• [WHAT IS REQUIRED]: What you write should be an exact repeat of the lines from the one with "俳優の吉岡里帆、声優の木村昴" through the final line below, minus the pictures.

• [SUPPLIED MATERIAL]:
◆ ◆ ◆

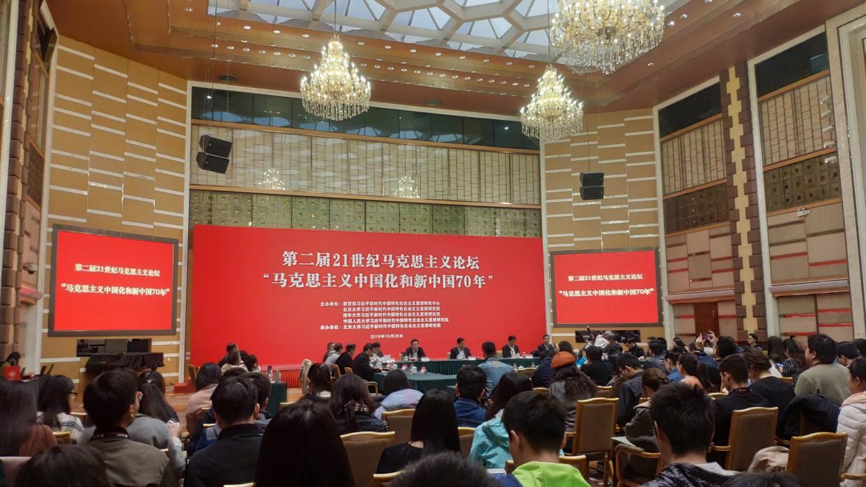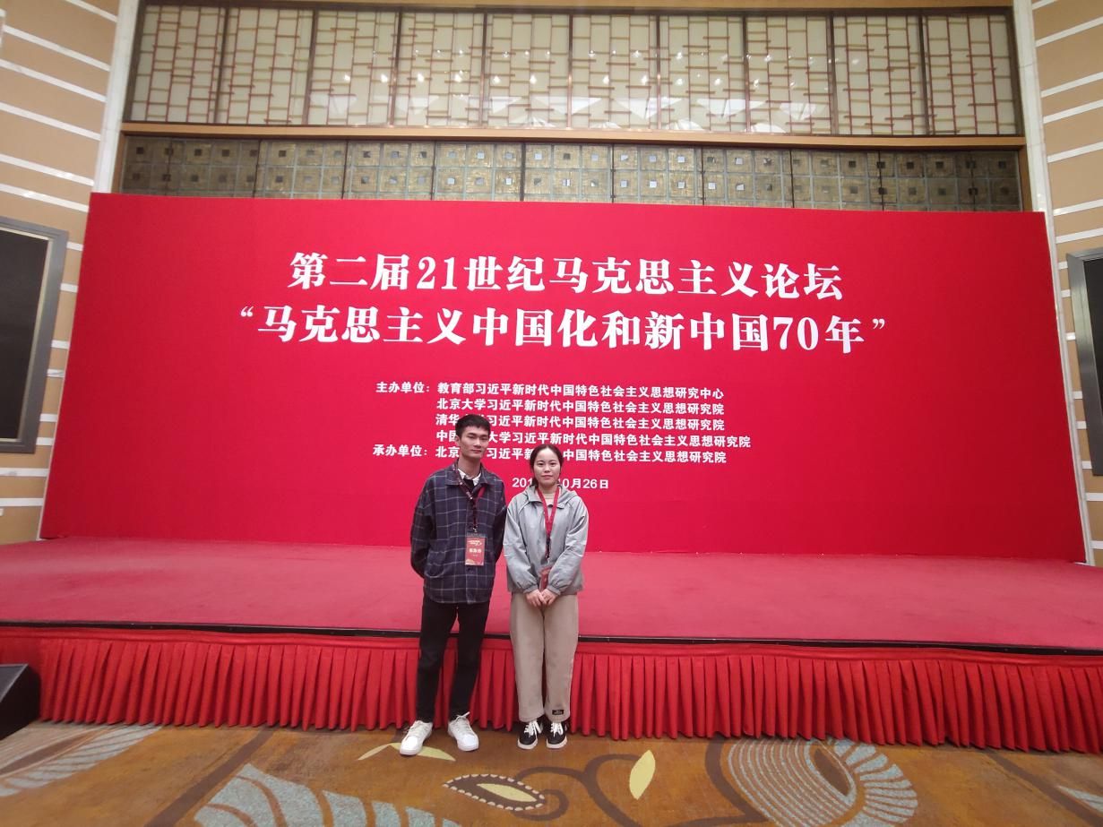 (通讯员 张陈伟 李婷)为庆祝中华人民共和国成立70周年和深入学习贯彻习近平新时代中国特色社会主义思想,回顾新中国成立70年以来中国特色社会主义发展的历史进程,深入总结新中国成立70年以来马克思主义中国化的理论创新和实践创新成果,2019年10月26日,第二届21世纪马克思主义论坛在北京大学举办。围绕本次论坛主题——“马克思主义中国化和新中国70年”,来自全国各地的100余位专家学者展开了深入研讨。本次论坛由教育部习近平新时代中国特色社会主义思想研究中心和北京大学、清华大学、中国人民大学习近平新时代中国特色社会主义思想研究院共同举办,北京大学习近平新时代中国特色社会主义思想研究院承办。我院学子李婷、张陈伟受邀参加本次论坛。
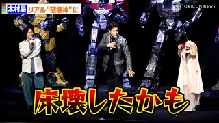 俳優の吉岡里帆、声優の木村昴、木村良平が11日、都内で行われた「トランスフォーマー」シリーズの最新作リアルCG映画『 …
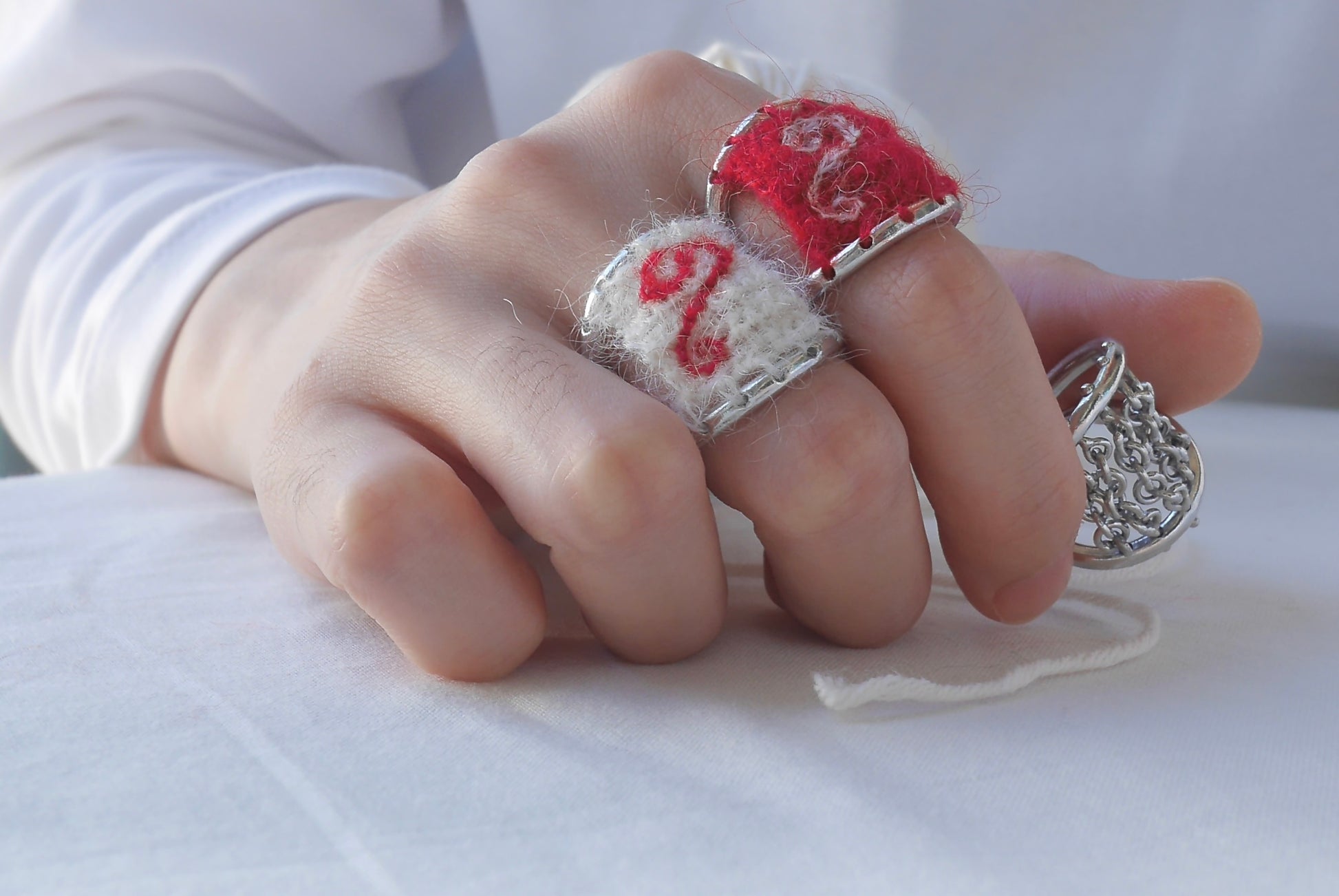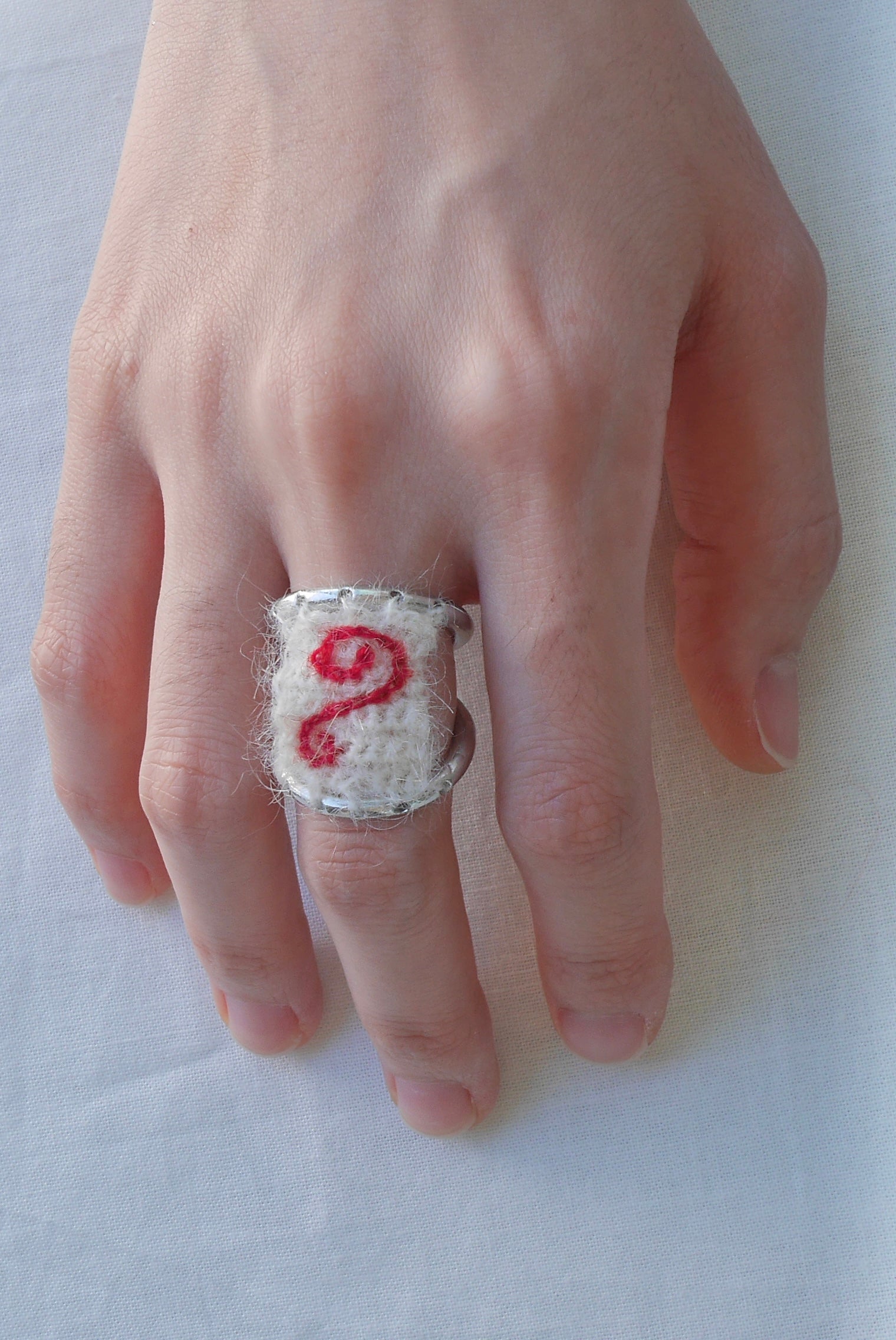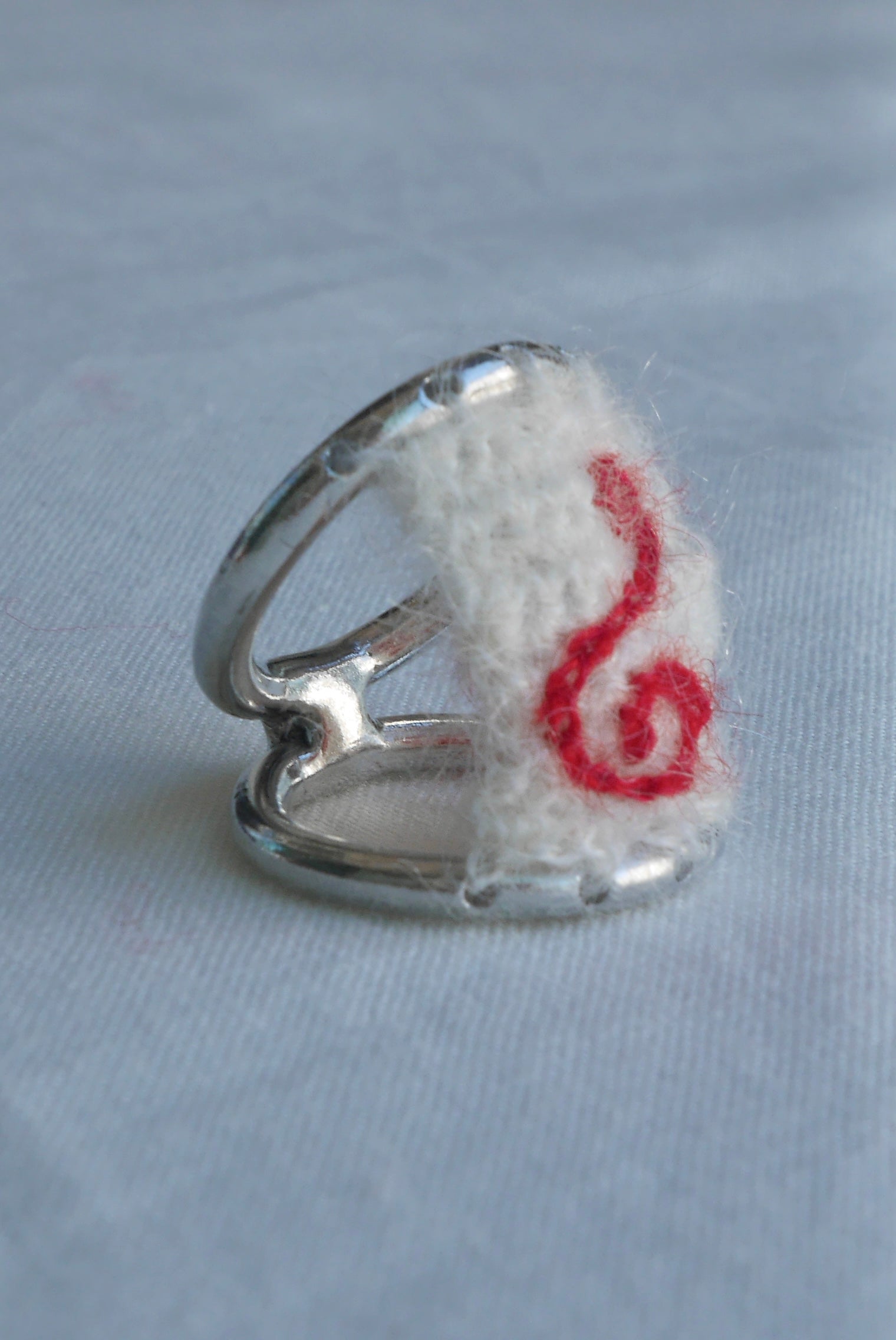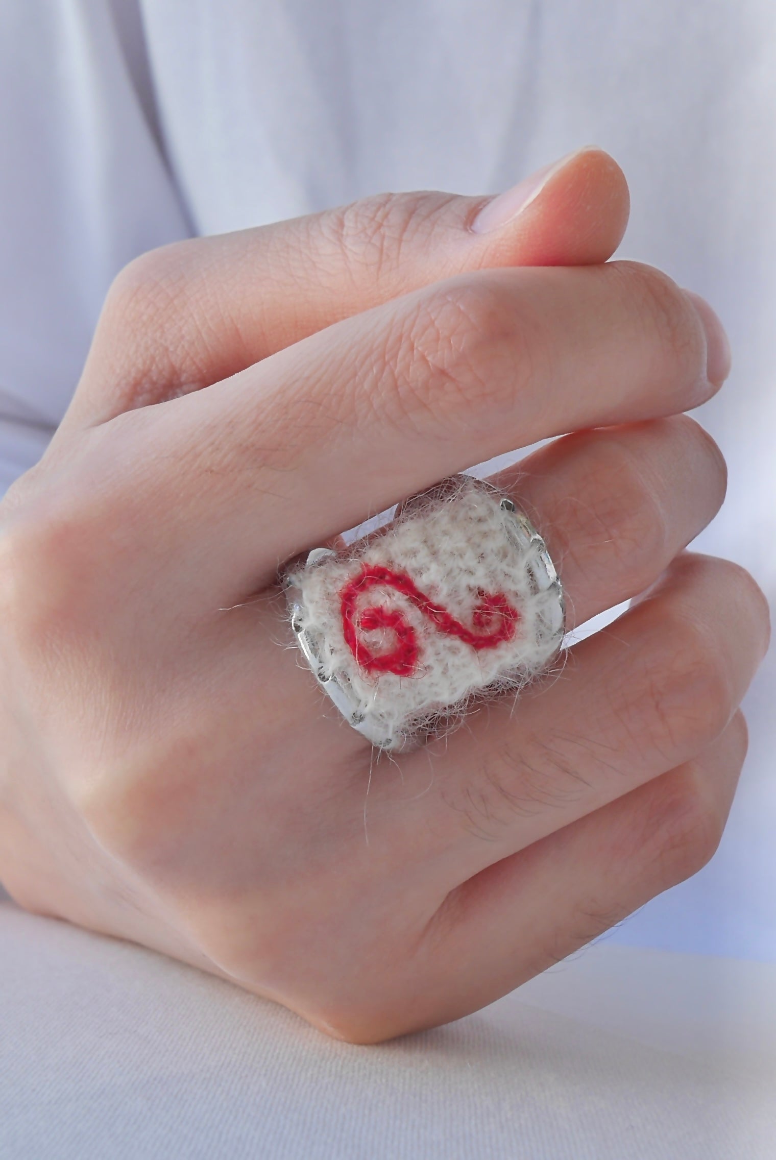 링에 구멍을 뚫어 손뜨개로 실을 엮은 디자인입니다.

◆ ◆ ◆

• [TASK ANSWER]:
 俳優の吉岡里帆、声優の木村昴、木村良平が11日、都内で行われた「トランスフォーマー」シリーズの最新作リアルCG映画『 …
 링에 구멍을 뚫어 손뜨개로 실을 엮은 디자인입니다.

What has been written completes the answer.